The Melbourne Cup is next week, but you DGAF about horse racing, or you oppose gambling, or you detest sports that use animals. So you want to say no when you’re invited to do something on the day, right?
BUT, let me ask you; are your principles, ethics, (and finances) really worth the risk of the crippling case of FOMO you will 100% experience wearing your trackies alone in your living room as the entire nation dresses up, drinks, and stuffs its face?
Lol, of course not.
Try to think of it this way: contrary to popular belief, Melbourne Cup is not “the race that stops the nation”; it’s the lunch that stops the nation. It’s about the other people you share the day with.
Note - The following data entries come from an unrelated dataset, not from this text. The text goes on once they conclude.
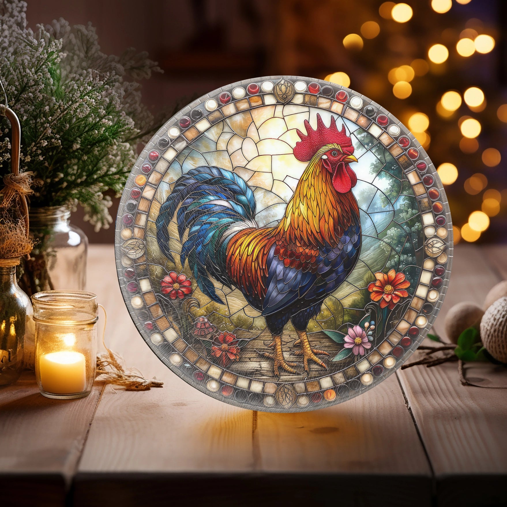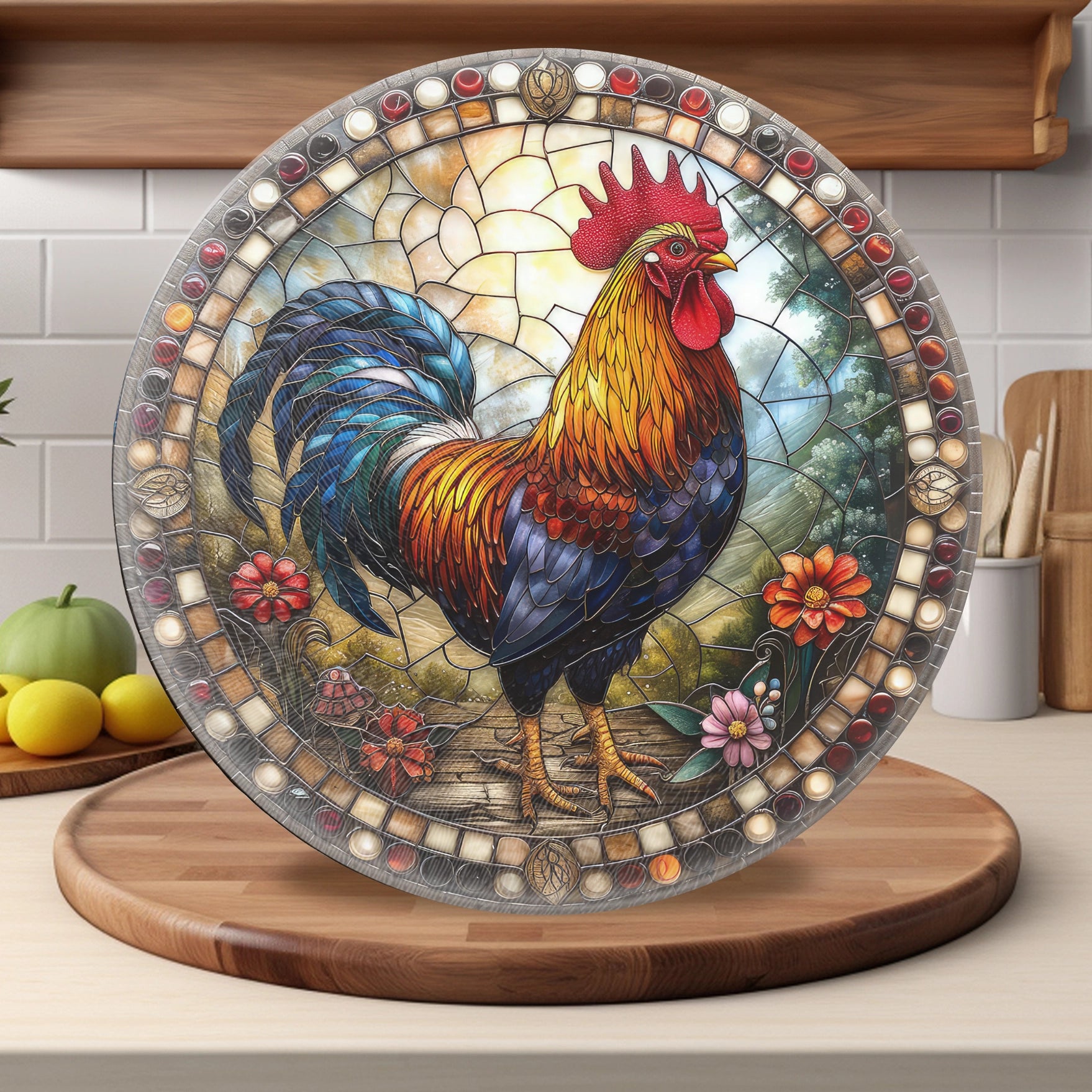 Fernville Creations, Rooster (Right Looking) Tempered Glass Cutting and Serving Board, 2 sizes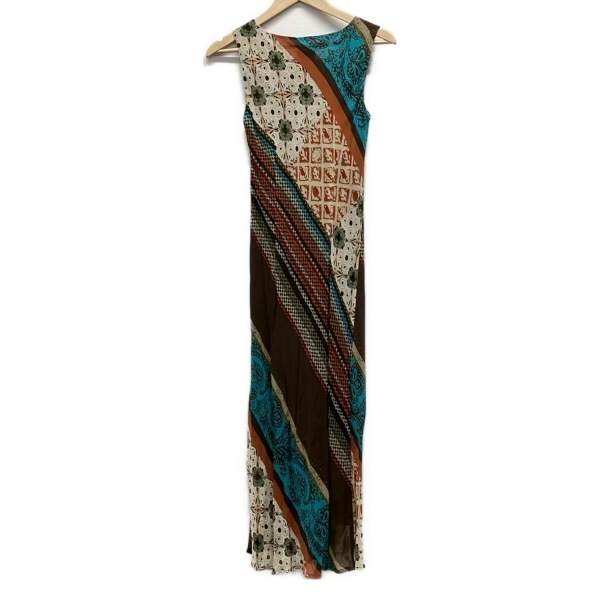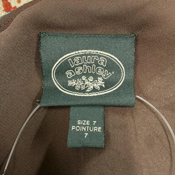 ローラアシュレイ LAURAASHLEY サイズ7 S - ブラウン×アイボリー×マルチ レディース Vネック/ノースリーブ/ロング 美品 ワンピース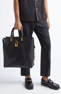 A logo-engraved padlock takes center stage on this shopper-inspired tote made from waxy calfskin leather and showcasing a roomy silhouette to hold your commuting essentials. Carry it by the top handles or clip on the optional strap for shoulder carry. 15"W x 15"H x 6"D 5" handle drop Two-way top-zip closure Top carry handles; removable strap Removable padlock; removable key chain Interior zip pocket; card slot Fits most 15" laptops Protective leather feet Canvas lining Leather Made in Italy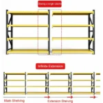 Dieses professionelle Metallregal bietet eine zuverlässige und platzsparende Lösung für die Lagerung von Waren in Lagerhallen, Werkstätten, Garagen, Verkaufsräumen und industriellen Bereichen.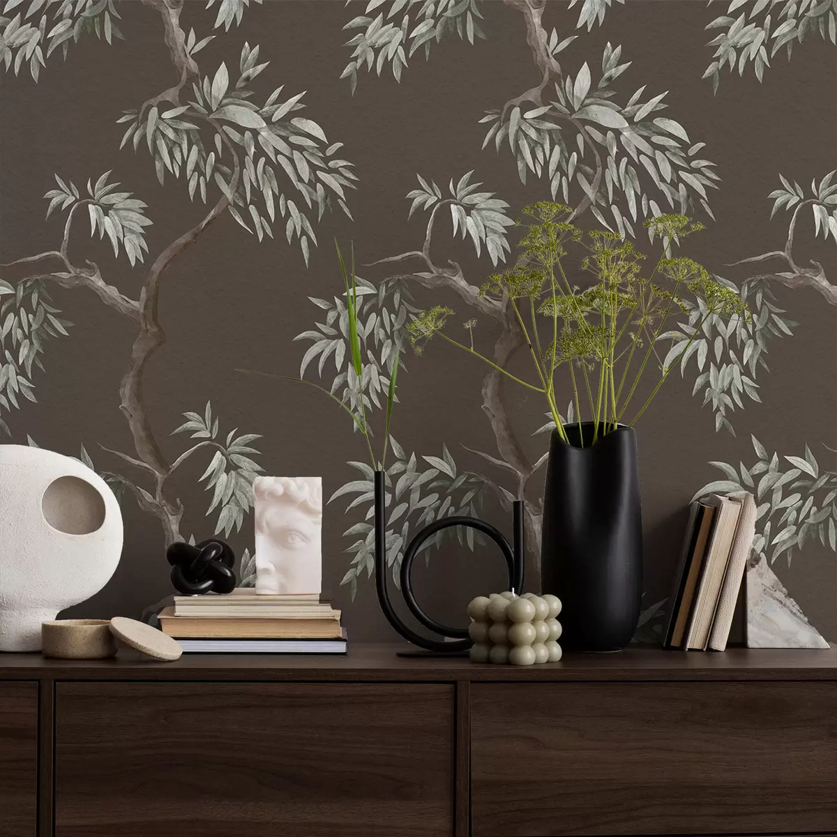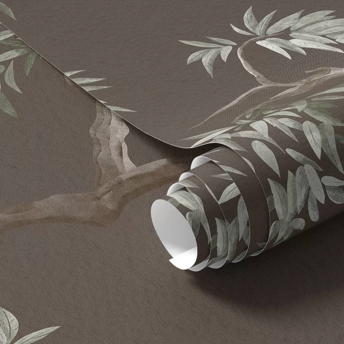 Papel tapiz Rama de árbol con hojas sobre fondo marrón Nr. a01117v3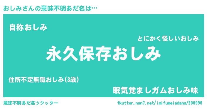 | 男性向けラノベタイトル風あだ名 | 『おしみという概念が存在しない退屈な世界 』 |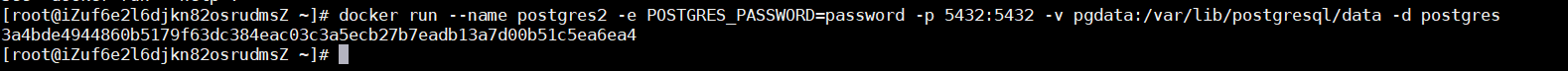 docker run --name postgres2 -e POSTGRES_PASSWORD=password -p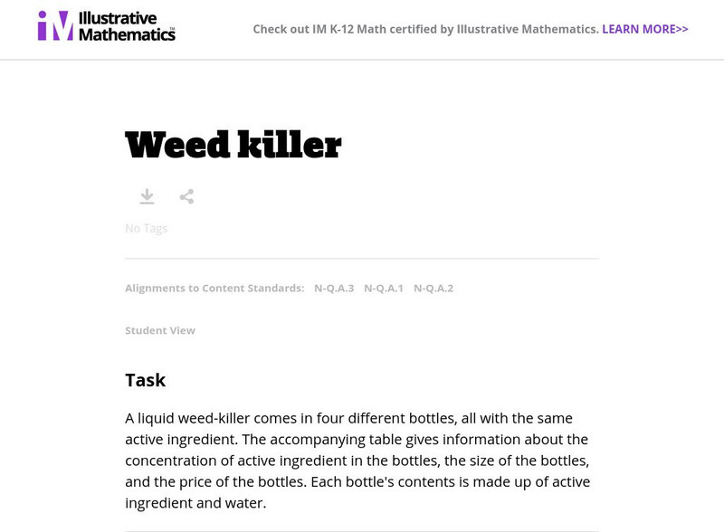 Illustrative Mathematics: N q.a.3, N q.a.1, N q.a.2: Weed Killer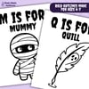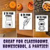 - 1 PDF file with 5 Halloween Alphabet Coloring Pages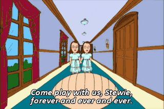 Come play with us, Stewie, forever and ever and ever. Yes. All work and no play makes Stewie a dull boy.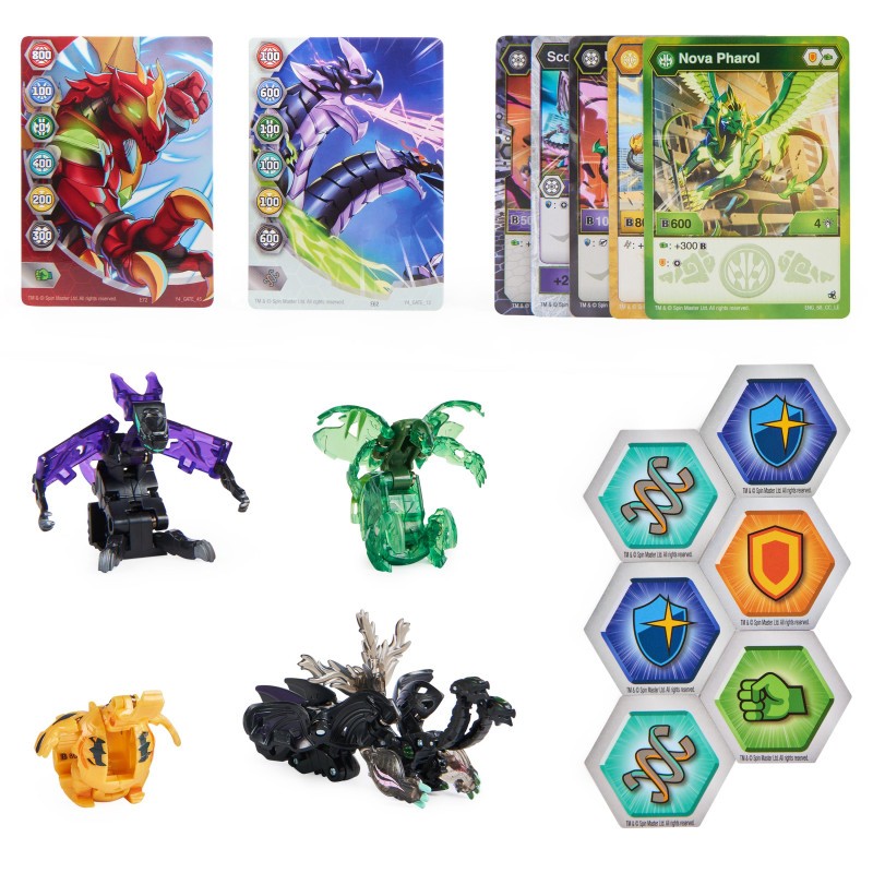 L’ensemble collector Bakugan Legends comprend tout ce dont vous avez besoin pour partir au combat dès la sortie de la boîte ! L’ensemble comprend 4 figurines Bakugan, des personnages à collectionner, des cartes de capacité, des cartes d’ouverture et bien plus encore ! Votre collection de jouets Bakugan est devenue plus forte que jamais avec les figurines Nova Bakugan qui s’illuminent ! Regardez un véritable spectacle de lumière lorsque vous les lancez sur le BakuCore (6 dans un set) ! Regardez votre Bakugan s’ouvrir et se transformer en une créature féroce. Jouez votre Geogan pendant le combat et effectuez une attaque surprise pour vaincre votre adversaire ! Une variété de Master Geogans vous permettra d’infliger des dégâts auparavant inaccessibles au combat. Utilisez les cartes de capacité incluses pour encore plus de façons de jouer et de gagner des bonus dans l’arène de combat de Bakugan ! Ajoutez des jouets Bakugan Legends Saison 5 pour filles et garçons, y compris le Geogan et le Nova Bakugan qui s’illuminent (chacun vendu séparément), à votre collection et construisez votre propre équipe de rêve ! Utilisez la boîte Baku-tin (vendue séparément) comme espace de rangement parfait pour tous vos intrépides Bakugan Battle Brawlers et vos cartes. Collectionnez vos personnages préférés de la série culte (sur Netflix) et participez à une bataille de Bakugan avec vos collections préférées de figurines et de cartes Bakugan ! Faites passer vos combats au niveau supérieur avec la toute nouvelle collection Bakugan Legends !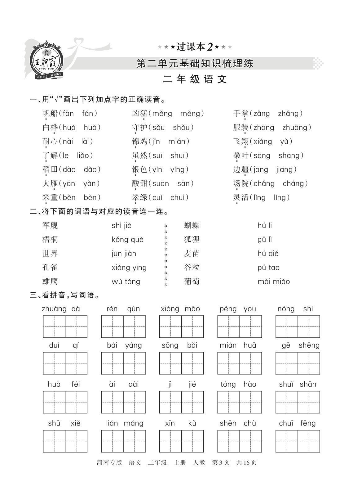 王朝霞期末过课本——第二单元基础知识梳理练二年级上册语文(人教版)正文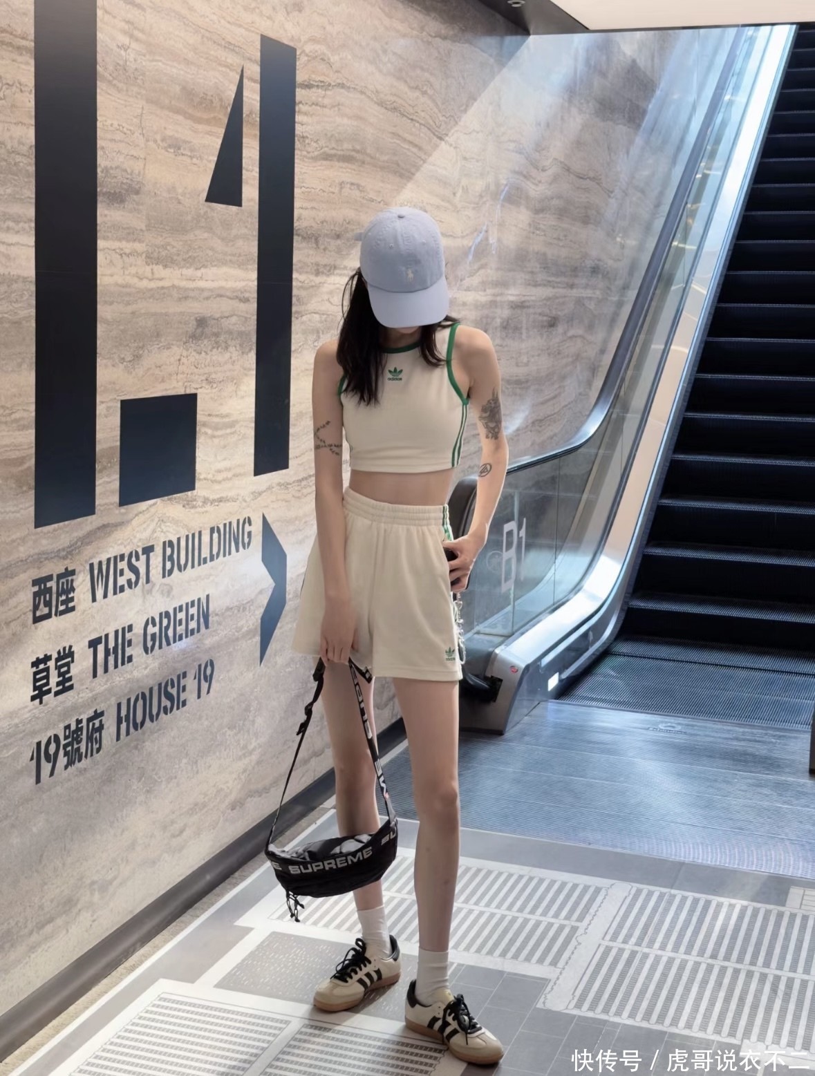 运动风背心+短裤,虽然对身材要求特别高,但也是真的显瘦。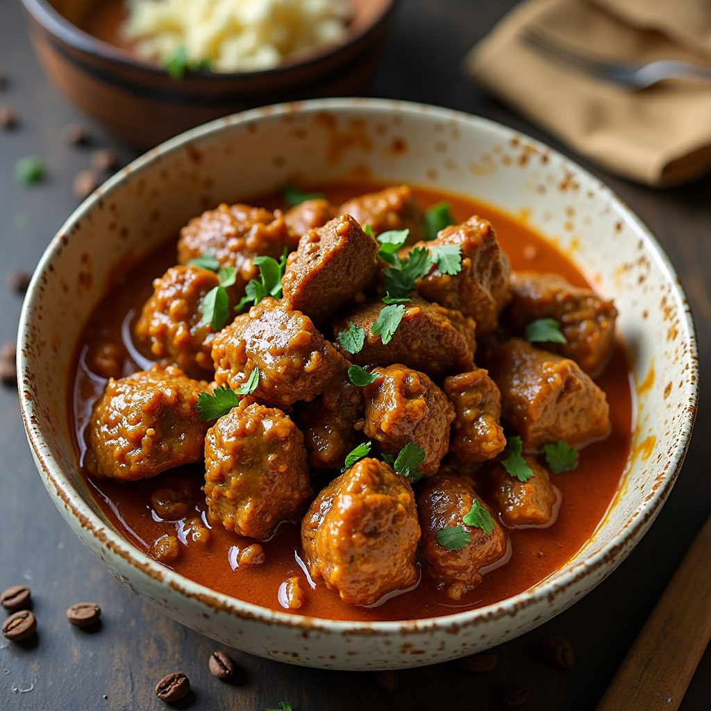 El café utilizado en esta receta no solo aporta un sabor único, sino que también es conocido por sus propiedades antioxidantes. La carne de vacuno o cordero utilizada proporciona proteínas esenciales. Sin embargo, es importante considerar las opciones de carne según las preferencias personales y dietéticas. Este plato también puede ser disfrutado como una alternativa para aquellos con restricciones al gluten, ya que no contiene trigo.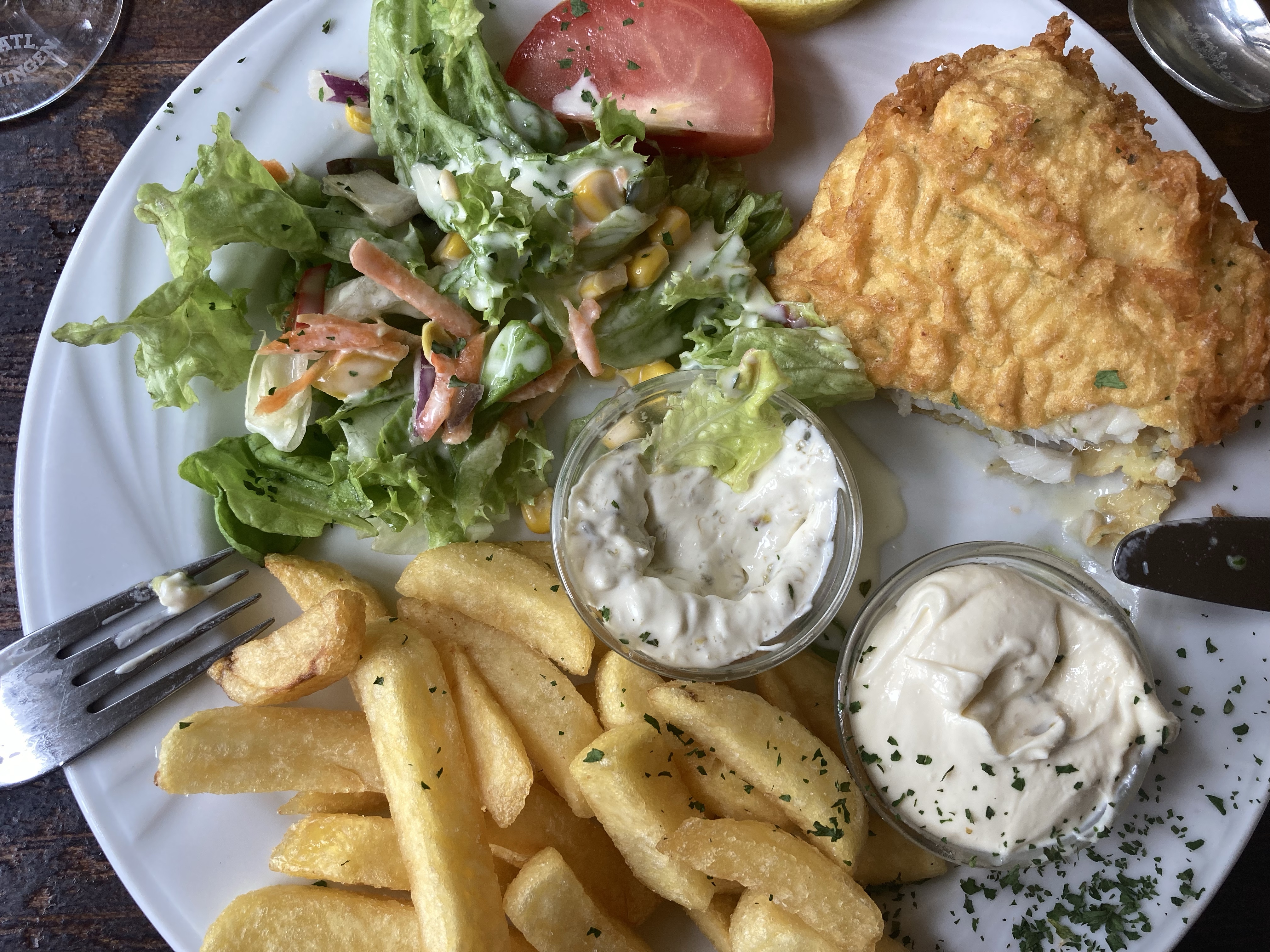 Auf meiner Weiterreise in den hohen Norden, der nächste Familiengruß bei meiner Cousine und Moers überrascht mich: das Städtchen ist wirklich nett, hat eine zuckersüße Innenstadt. Eine nette Piazza, niedliche Geschäfte, schön renovierte Häuser und dann eben noch diese irische Bar. Neben einer tollen Speisekarte probiere ich heute das erste mal Fish und Chips. Lecker. Der Fisch ist superfrisch, die Chips knackig, die Saucen allerfeinst. Eine tolle Überraschung. Gestärkt gehts weiter in den Norden.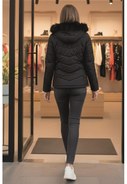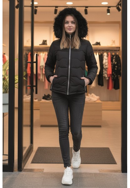 Günlük Kürklü Kadın Şişme Kadın Mont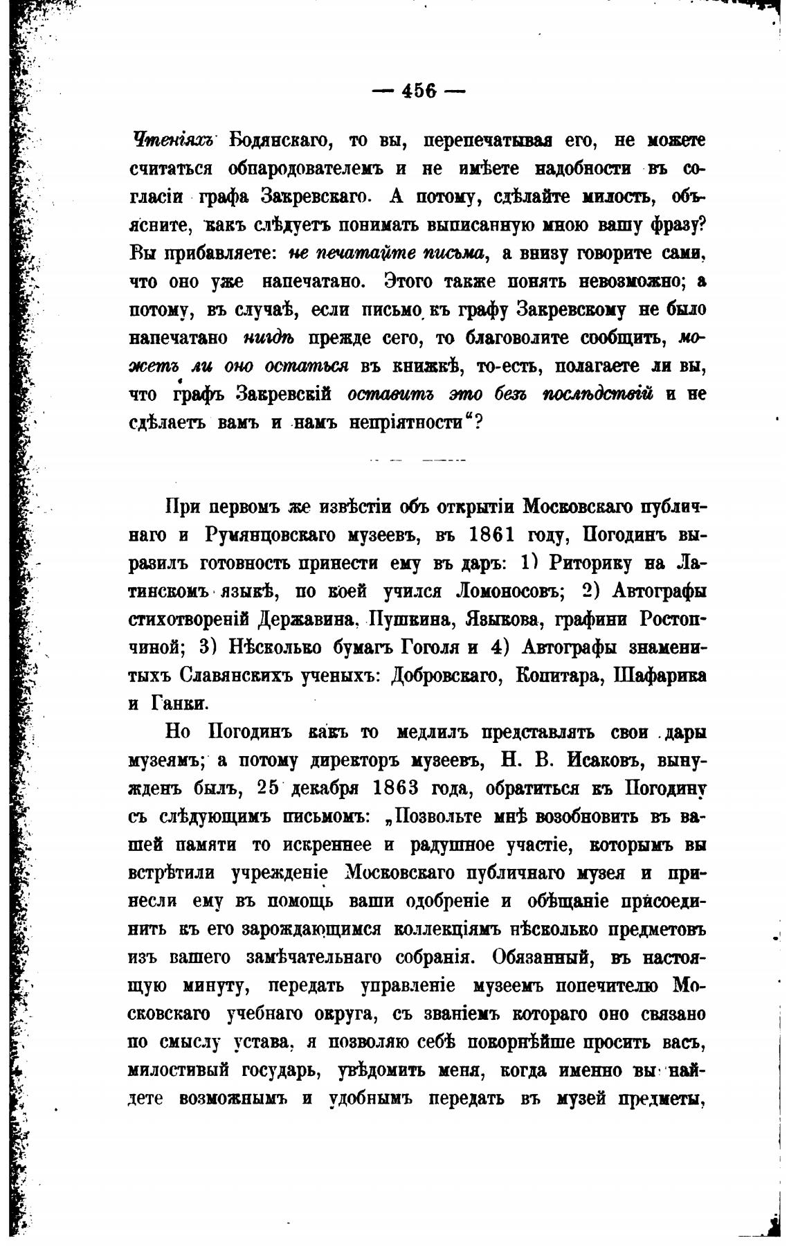 наго и Румянцовскаго музеевъ, въ 1861 оду, Погодинъ вы-

And food. And booze. And fashun. It’s a public holiday in Victoria, and guess what else gets the day off? Political correctness, decorum, and hydration.
Which is why Melbourne Cup is an Aussie tradition way more sacred than the Queen's birthday. So here are some très helpful suggestions so you can Melbourne Cup without a conscience:
Forget the horses: most of us stop speaking for about three minutes out of the entire day, and watch some horses galloping around in a circle. If ours wins, we'll post a photo of the moment with the caption "#winnerwinnerchickendinner" and that's the extent of our involvement with animals.
But if you can't even bare that for a few minutes, when the race starts, think about how hungry all the jockeys must be...which will lead to you realising you need a bucket of hot chips immediately...and voilà, any crisis of conscience will instantly disappear.